Она проснулась с криком на устах. Чья-то рука легла ей на лоб. Прежде чем туманная завеса перед ее глазами рассеялась, она уже знала, что это была рука ее отца. Она открыла глаза, заморгала, привыкая к свету, и посмотрела в озабоченное лицо Джустиниано.
— Ты в своей спальне, — прошептал он, и знакомый запах немного успокоил Мательду. — В безопасности.
От сухости в горле она закашлялась. Чашка коснулась ее губ, она отпила немного воды.
— Что случилось? Почему я здесь?
Через легкие занавески в помещение пробивался дневной свет. Отец держал перед ней сосуд из искусно обработанного стекла, с узором из голубых и желтых полосок.

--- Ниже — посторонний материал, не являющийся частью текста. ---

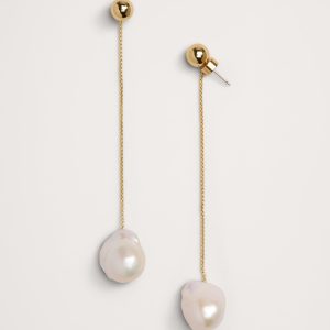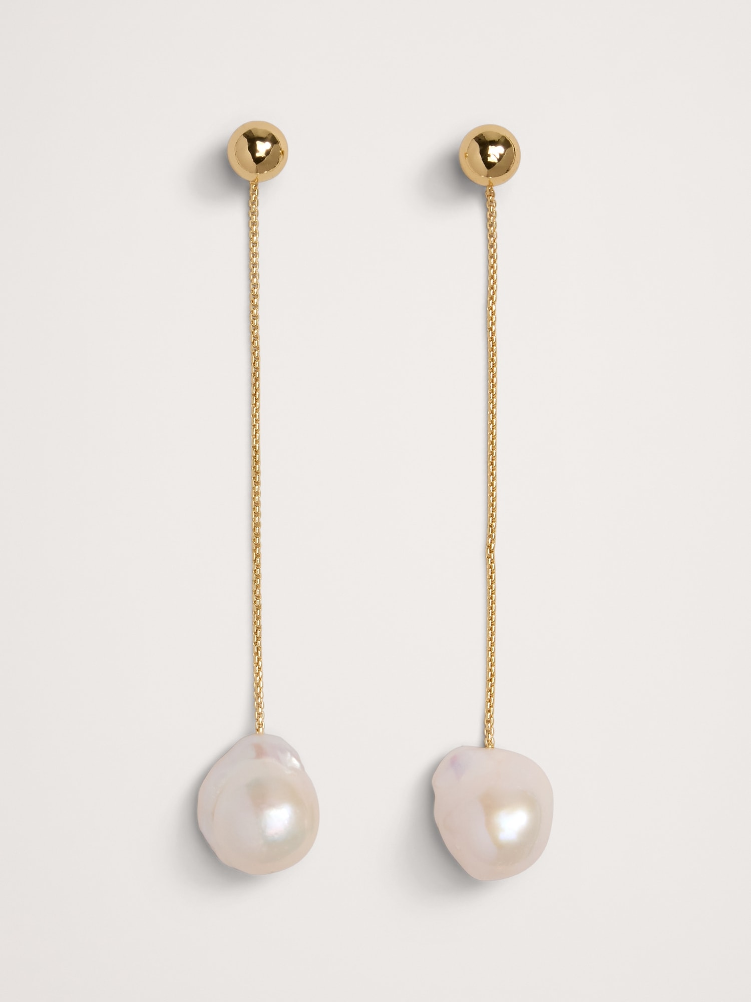 Luminous freshwater baroque pearls swing from delicate chains on these ball and post earrings.

— Я распорядился найти тебя, — сказал Джустиниано. Он опустил глаза вниз и слегка покачал головой. — Правда, это не совсем так. Вызвались искать… эти… — он подбирал подходящее слово, — наши гости.
— Там было двое мужчин, пьяниц, — смутно припомнила Мательда.
— Они принесли тебя сюда. Когда я увидел, как ты висишь на плече у варвара, я испугался, что ты мертва.
Мательда вспомнила, что ее схватил какой-то великан. Она нетерпеливо убрала руку отца со своего лба и села.
От резкого подъема комната закачалась у нее перед глазами так, что она зажмурилась и вцепилась в край своей кровати. Только страх перед новой потерей сознания уберег ее от того, чтобы снова не погрузиться туда, откуда она только что вынырнула.
Подождав, пока пройдет головокружение, Мательда попыталась встать, и что-то затрещало у нее под ногами. Оглядев себя, она с ужасом обнаружила, что вся с головы до ног перепачкана засохшей грязью. В памяти всплыли увиденные ею в вестибюле дворца свиньи.
— Как долго я была без сознания? — спросила она, осторожно ощупывая пальцами свое лицо. Оно, казалось, уже было умыто.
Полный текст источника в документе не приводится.